Figure 8. One realization of a stochastic SIR model with an Erlang-distributed infectious period (shape=4). The trajectory shows the infection progressing sequentially through the four infectious stages (I1 -> I2 -> I3 -> I4) before individuals recover.

To analyze the results, we can calculate the prevalence of infection, which is the proportion of individuals in any of the infectious stages (I1+I2+I3+I4). As described in Post-process data in a trajectory vignette, the plot() function allows us to specify a formula where the left-hand side defines the “cases” and the right-hand side defines the “at-risk” population.

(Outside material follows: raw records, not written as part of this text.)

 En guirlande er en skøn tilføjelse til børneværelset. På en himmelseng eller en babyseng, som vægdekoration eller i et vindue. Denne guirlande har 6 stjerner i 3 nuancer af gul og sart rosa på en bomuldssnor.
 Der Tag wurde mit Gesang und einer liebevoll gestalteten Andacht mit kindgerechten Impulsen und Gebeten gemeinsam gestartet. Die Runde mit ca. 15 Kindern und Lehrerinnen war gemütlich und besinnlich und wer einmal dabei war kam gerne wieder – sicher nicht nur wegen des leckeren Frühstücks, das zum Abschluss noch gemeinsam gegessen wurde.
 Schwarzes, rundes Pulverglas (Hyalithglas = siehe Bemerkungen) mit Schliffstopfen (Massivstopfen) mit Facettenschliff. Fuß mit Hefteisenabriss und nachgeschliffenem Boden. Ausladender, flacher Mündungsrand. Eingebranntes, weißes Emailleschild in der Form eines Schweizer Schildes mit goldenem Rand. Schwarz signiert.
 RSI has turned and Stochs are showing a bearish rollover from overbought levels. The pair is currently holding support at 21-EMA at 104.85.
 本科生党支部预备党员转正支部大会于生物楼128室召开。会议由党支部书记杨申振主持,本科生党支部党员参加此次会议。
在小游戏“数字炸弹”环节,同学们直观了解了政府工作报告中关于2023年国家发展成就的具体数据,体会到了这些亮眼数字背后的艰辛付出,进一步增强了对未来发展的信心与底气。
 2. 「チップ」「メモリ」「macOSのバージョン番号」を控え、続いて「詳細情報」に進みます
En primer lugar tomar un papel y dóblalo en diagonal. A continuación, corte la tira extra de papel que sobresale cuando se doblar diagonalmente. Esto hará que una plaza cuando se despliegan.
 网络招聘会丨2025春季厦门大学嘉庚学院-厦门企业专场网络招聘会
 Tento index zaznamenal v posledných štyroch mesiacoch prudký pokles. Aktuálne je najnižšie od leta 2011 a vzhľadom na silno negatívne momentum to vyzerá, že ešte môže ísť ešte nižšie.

plot(result, I1 + I2 + I3 + I4 ~ ., col = "blue", lwd = 2, ylab = "Prevalence")

Figure 9. Prevalence of infection over time, calculated as the sum of individuals in all infectious stages (I1 + I2 + I3 + I4). This demonstrates how to aggregate multiple compartments to track the total burden of disease in a stage-structured model.

This example demonstrates how mparse makes it easy to extend basic models to include more realistic biological assumptions, such as non-exponential waiting times, without writing any C code.